Riding at night is great, I just let my horse pick his way through trails and he loves it. Sometimes it gets scary when I hear noises in the woods but that's half the fun lol!
Galloping on a big grass strip is fun too because you can't see anything so you have to rely on your horse not to kill you haha.


----------



## RoadRider / Rios Dad (Jul 2, 2009)

mom2pride said:


> I usually only ride at night on moonlit nights, and that is more than enough light for my horse to see well; lights can really mess with your horse's night vision, so I would prefer not to use them, if I can. I don't ride on roads though, when I ride, so I don't need light, just my horse's eyes.


I have rode hundreds of miles in the dark and alot of it included road running late at night. I never used lights, a reflective tape on my back but no lights or nothing in front of me. I didn't want to mess with my night vision and any light in front of you can mess with it.
Horses see very well in the dark and negotiating deep cuts in the trial are no problem for a horse in total darkness.
I feel even that amount of light would mess with our vision.
Loved those moon lite rides.


----------



## SmoothTrails (Oct 1, 2009)

I've never been brave enough to do night riding on trails.
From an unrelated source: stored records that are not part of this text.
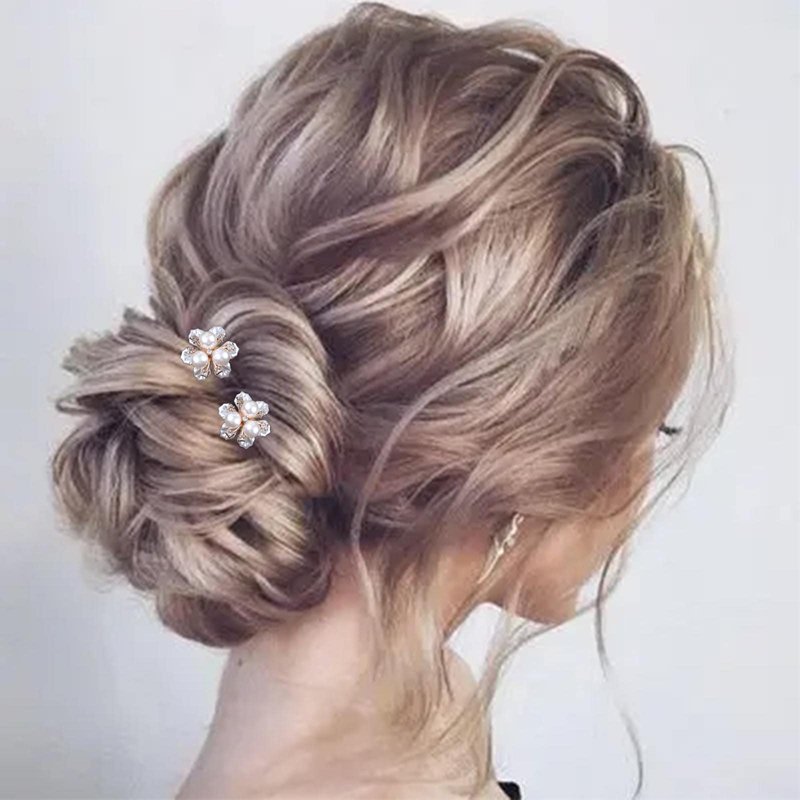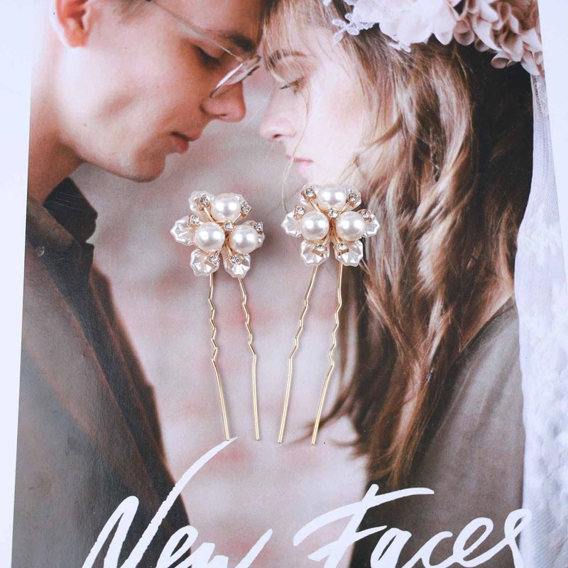 Allereyae Crystal Pearl Wedding Hairpins Barrette Rhinestone Pearl Flower Hair Pins Barrette Gold CZ Pearl Bling Bridal Headpieces Head Clip Headwear Bridal Hair Accessories 2Pcs
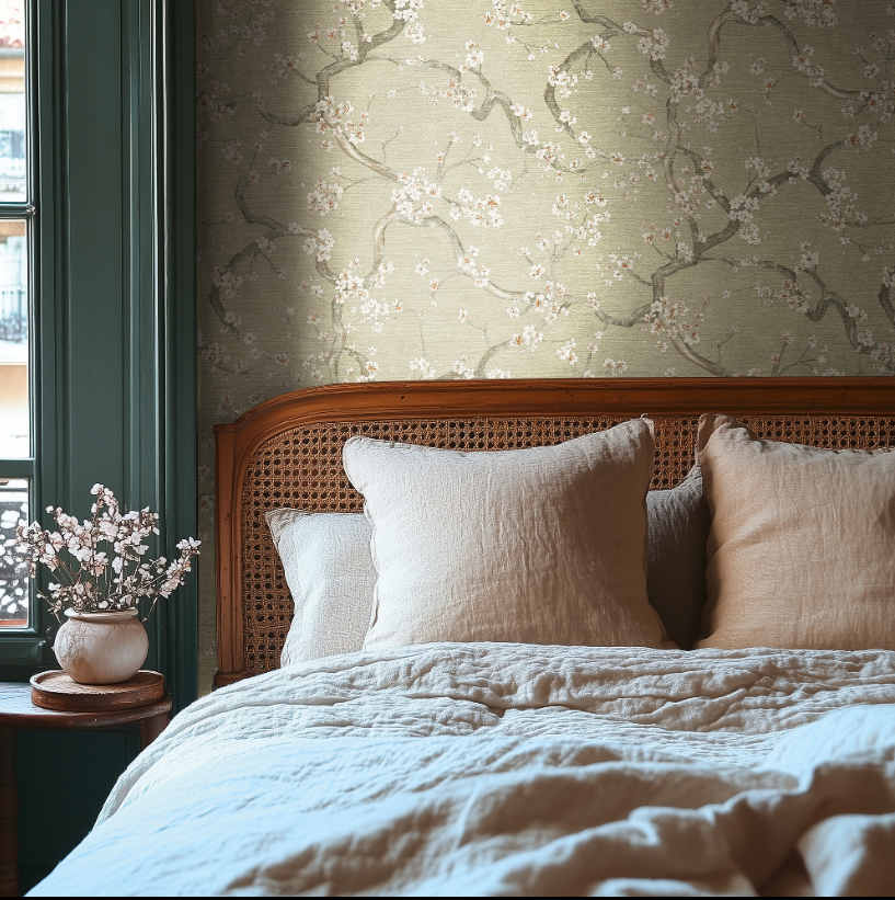 Este papel de parede destaca-se pelo seu padrão floral subtil, inspirado em ramos orgânicos e flores delicadas, criando uma composição equilibrada e intemporal. A paleta suave e a textura visual conferem profundidade e leveza ao espaço, tornando-o ideal para interiores acolhedores e sofisticados.
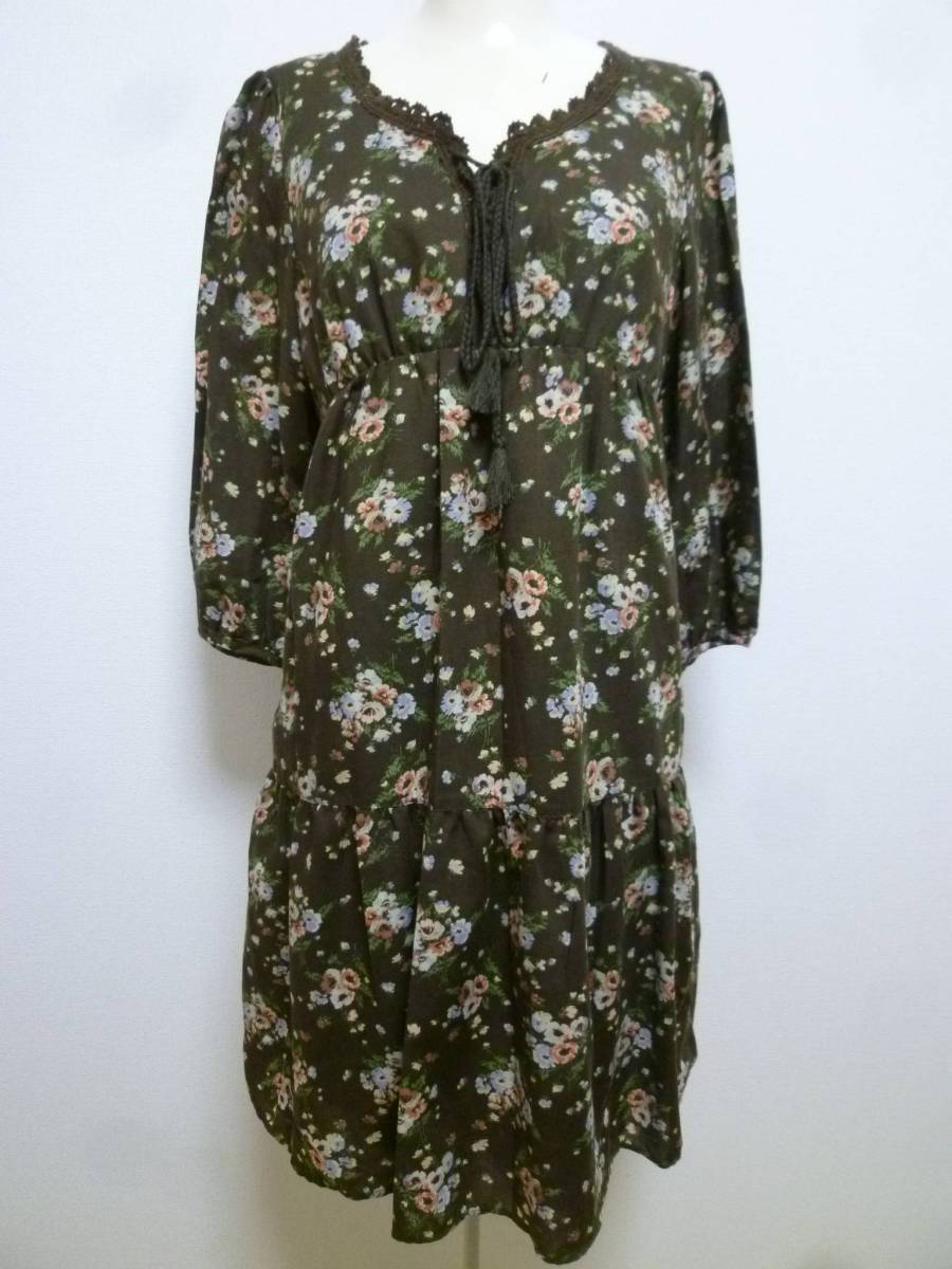 - anyFAM/エニィファム♪濃茶花柄胸リボン裾フリルワンピース2/ブラウンオンワード樫山薔薇バラ♪215

I think I will the next time I go to LBL. They have some trails that I know well enough to be really comfortable on in a night ride.


----------



## Painted Horse (Dec 29, 2006)

I ride in the dark a lot during hunting season. We get up early, ride to where ever we want to hunt in the dark and tie the horses up and hunt all day, Return to camp after the sun has gone down. The best hunting hours are at sun up and sun down. We've also killed game and it takes an hour or so to cut it up and pack it on the horses. So we often make hour rides in the dark.
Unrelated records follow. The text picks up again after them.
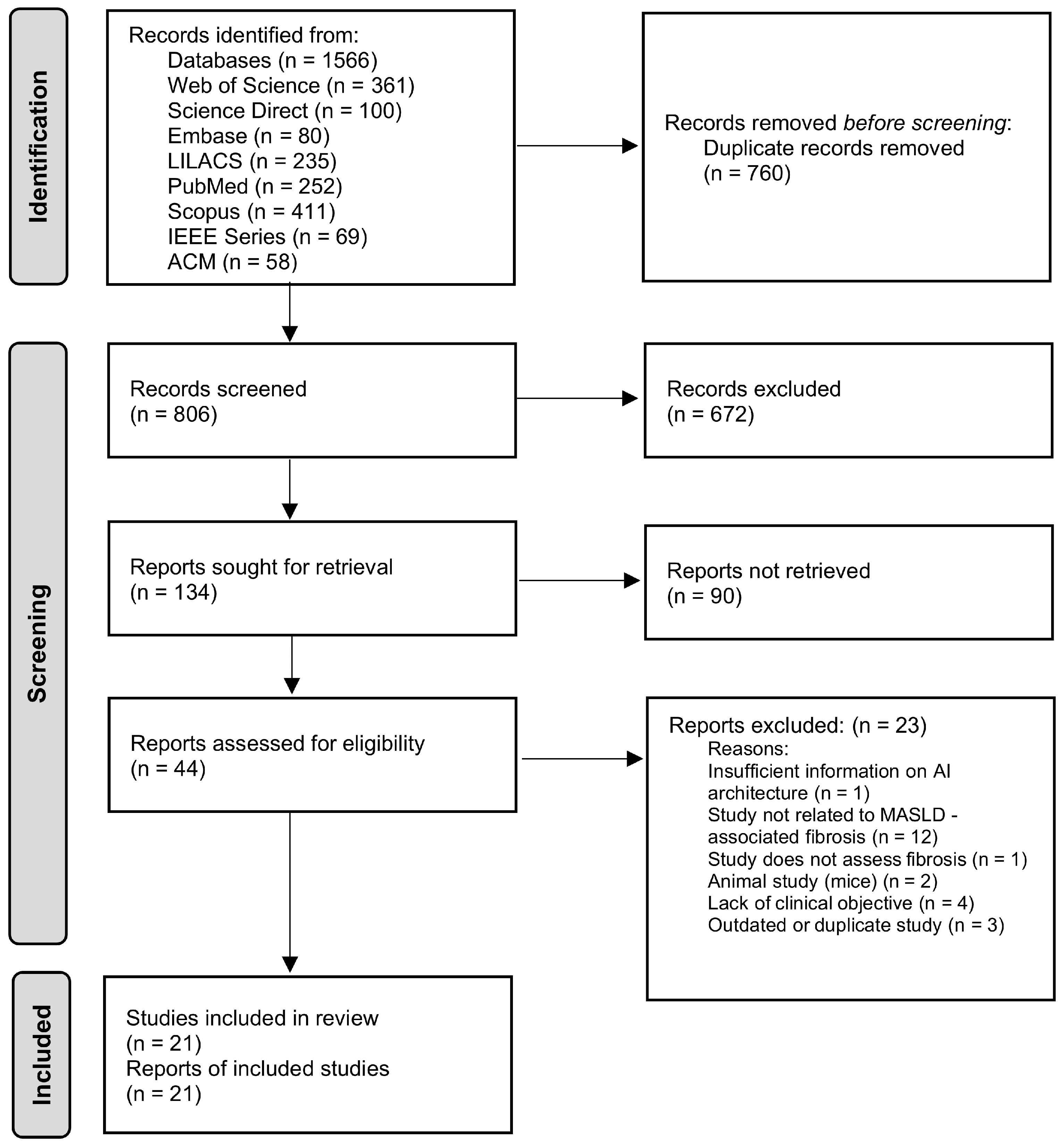 | Comparator | Studies with or without a comparator group. When present, comparisons with traditional methods (e.g., elastography, biopsy, clinical scores) | Studies that only describe imaging methods or laboratory tests without a link to AI |
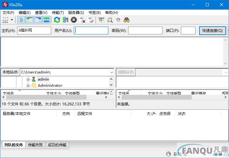 FileZilla是一个FTP软件,客户端如果需要和FTP服务器连接的话,需要主机的地址或者IP地址,然后再填上用户名,密码和端口号,就可以快速连接了。
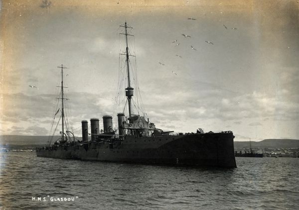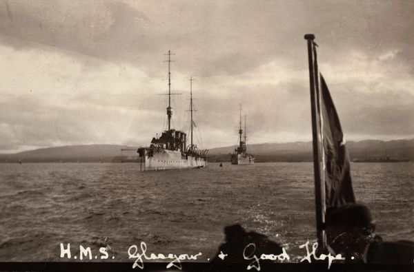 On 1st November 1914, the British Squadron, led by Admiral Sir Christopher Cradock, engaged von Spee at Coronel, off the Chilean coast.
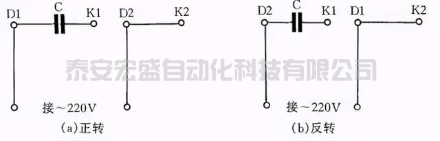 圖247為IDD5032型單相電容運轉(zhuǎn)電動機接線方法。其功率為60W,電容選用耐壓500V、容量為4μF的產(chǎn)品。圖3(a)為正轉(zhuǎn)接線,圖3(b)為反轉(zhuǎn)接線。
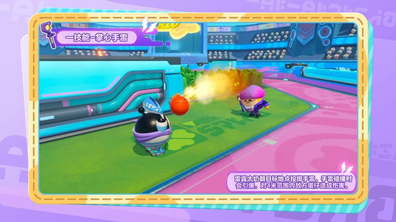 施展一技能“掌心手雷”时,雷霆太奶朝目标地点投掷手雷,手雷碰撞时会引爆,对4米范围内敌方蛋仔造成伤害。

I am amazed at what my horse can see and how well they can find the trail in the dark. I've run into big black objects in the dark and not always known what they were. Pull my flashlight out and see a couple of Moo Cows on the trail or sometimes a big Moose or Buffalo. The cows I just herd off, no big worry, The moose and buffalo, I yell at and try to scare off. But I don't want to push the horse too close to wild animals in the dark.


----------



## Jolly Badger (Oct 26, 2009)

How is the breastcollar itself?

I mean, it's very cool that it is visible at night. . .but how well does it do the job a breastcollar is actually supposed to do?


----------



## letsgetserious (Apr 17, 2009)

Jolly Badger said:


> How is the breastcollar itself?
> 
> I mean, it's very cool that it is visible at night. . .but how well does it do the job a breastcollar is actually supposed to do?
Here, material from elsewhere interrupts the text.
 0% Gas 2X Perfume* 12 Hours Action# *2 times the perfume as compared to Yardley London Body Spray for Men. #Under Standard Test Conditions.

Well since I don't need a regular breast collar, I'm not too sure.
But I'd imagine it wouldn't be too effective if you actually needed to use one, just because it's a metal ring in the middle attaching the three straps together. Or would it be?
Not sure.


----------



## Jolly Badger (Oct 26, 2009)

letsgetserious said:


> Well since I don't need a regular breast collar, I'm not too sure.
> But I'd imagine it wouldn't be too effective if you actually needed to use one, just because it's a metal ring in the middle attaching the three straps together. Or would it be?
> Not sure.


Most of the riding I do involves a lot of climbing and descending hills, so I prefer to always use a breastcollar. To me, it would make no sense to have a breastcollar that wouldn't really hold up well enough to do what a breastcollar is designed for. I'd rather buy a well-made piece of equipment, and add my own lighting or reflective material at a later time if needed. 

There are some other products on that site that look very interesting, though. Thank you for posting the link!


----------